Automated testing is one of the most impactful changes you can make to improve your engineering function. Faster delivery, increased team efficiency, and reduction of risk are just some of the benefits of including automated tests as part of your workflow.
In a mature testing environment, a collection of automated tests should run each time a developer opens a pull request to merge their feature branch. These tests collectively offer a fast and mutually reinforcing method of ensuring the code will continue to work as expected. Teams are able to work at speed with confidence - making substantial changes to code with the security that frequently run tests will keep them on track.
One of the main challenges to adopt this approach has been the difficulty of establishing a framework that will run these tests as part of the code promotion process. Developers will often need knowledge of a number of additional tools to set up the testing framework outside of Databricks. This is particularly the case for analytical teams where, even though their pipelines are desperately in need of rigorous testing, the team may not have the skillset to establish testing.

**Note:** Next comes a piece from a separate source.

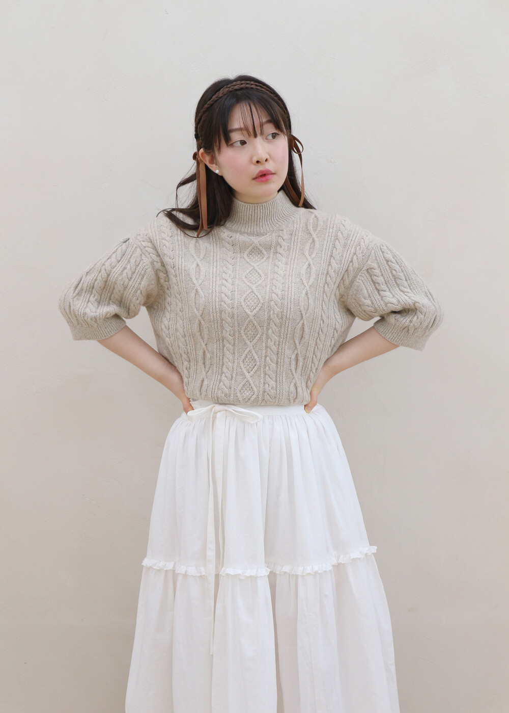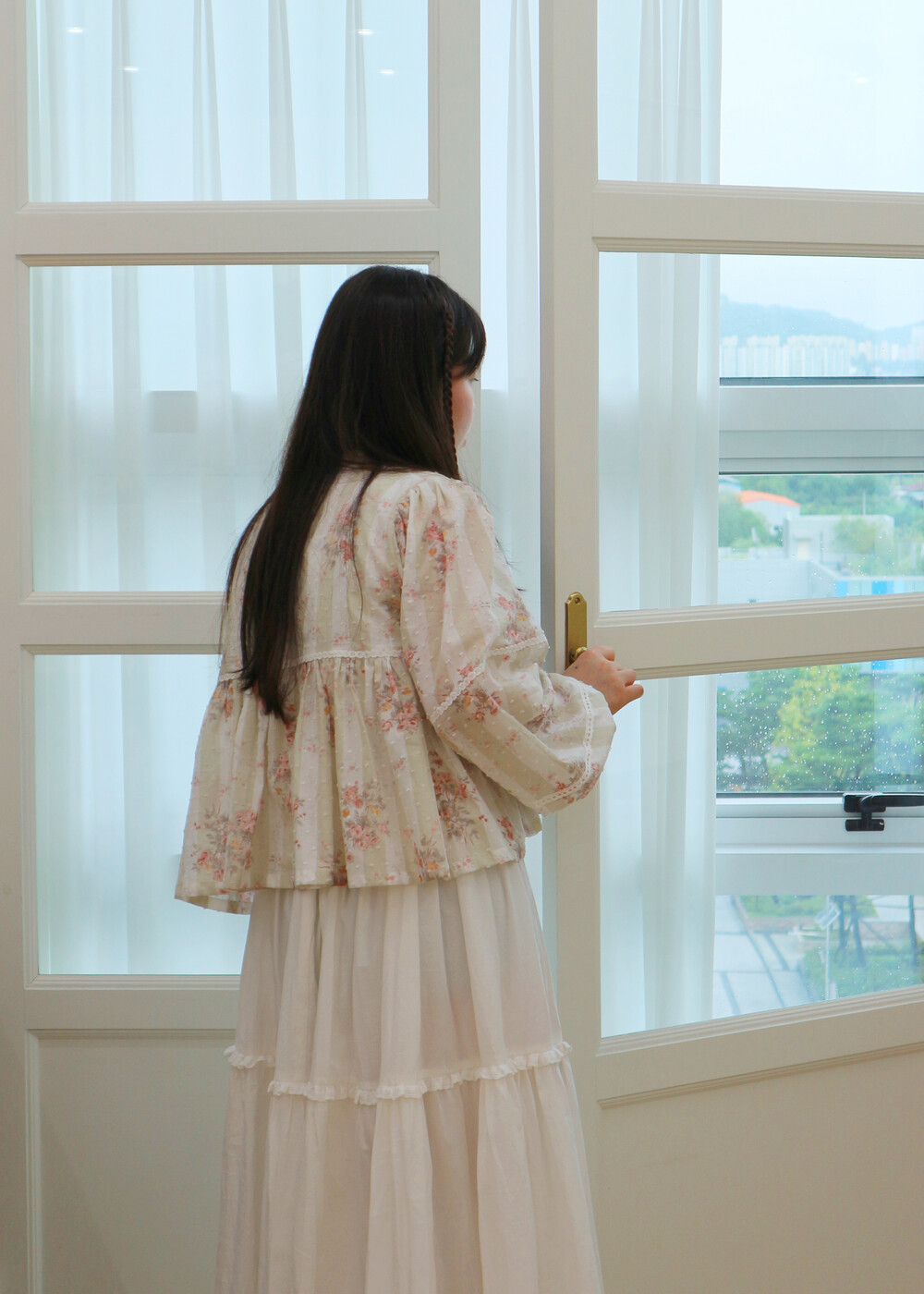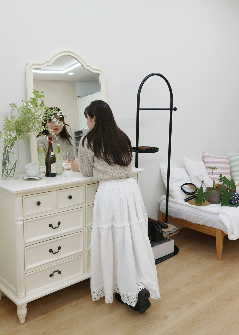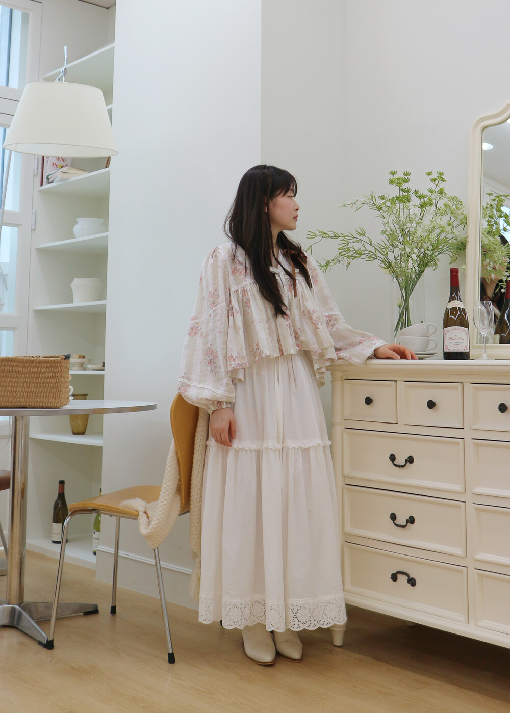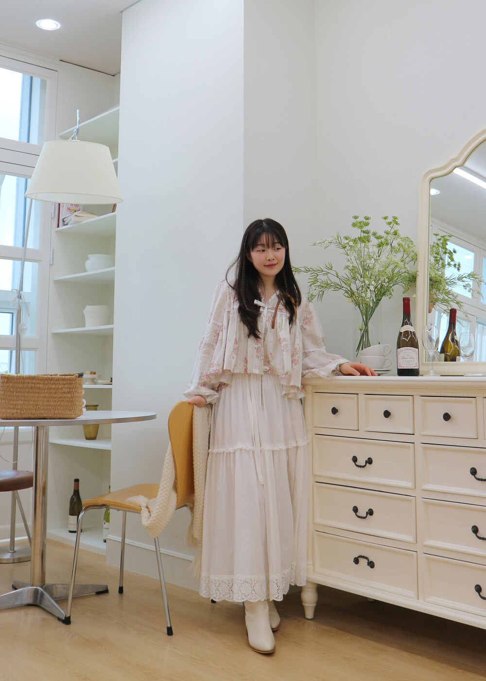 프릴레이스를 중간에 달아주어 포인트를 주었습니다. 치마는

Databricks Asset Bundles (DABs) are a compelling recent addition to the Databricks offering. Asset bundles provide a low-friction way for teams to adopt software engineering best practices with a familiar set of tools.
Asset bundles allow all aspects of a Databricks project to be managed programmatically. All resources, code, and configuration for a project is defined in the bundle. Underneath the hood, these asset bundles are leveraging the power of Terraform and the Databricks CLI. Critically, teams don't need to learn these tools and can instead use a combination of YAML files and their existing code to define their project. You can find more detail on Databricks Asset Bundles here: What are Databricks Asset Bundles.
Combining asset bundles with automated testing can supercharge your team's delivery and offers an accessible way for teams to adopt these best practices quickly.
Because asset bundles allow you to easily deploy and run your code in different locations, they offer a simple way to implement CI/CD. When a developer makes a pull request, the asset bundle is validated to ensure the configuration is correct:
databricks bundle validate
This offers a fast method to catch issues before running tests. If the bundle is valid then the project is deployed into our test workspace (or a test folder within the same workspace).
databricks bundle deploy -t test
In this fresh environment, the asset bundle can run unit tests and integration tests within Databricks.
databricks bundle run -t test integration_tests_job
Running inside Databricks like this is much simpler than trying to emulate the spark environment in a build agent but is also leads to more realistic tests.
If all tests pass, then the asset bundle can be deployed into our production workspace very simply:
databricks bundle deploy -t production
Combining automated tests with the easy deployment of resources offered by asset bundles means that we can quickly and simply take a big step up the data maturity ladder.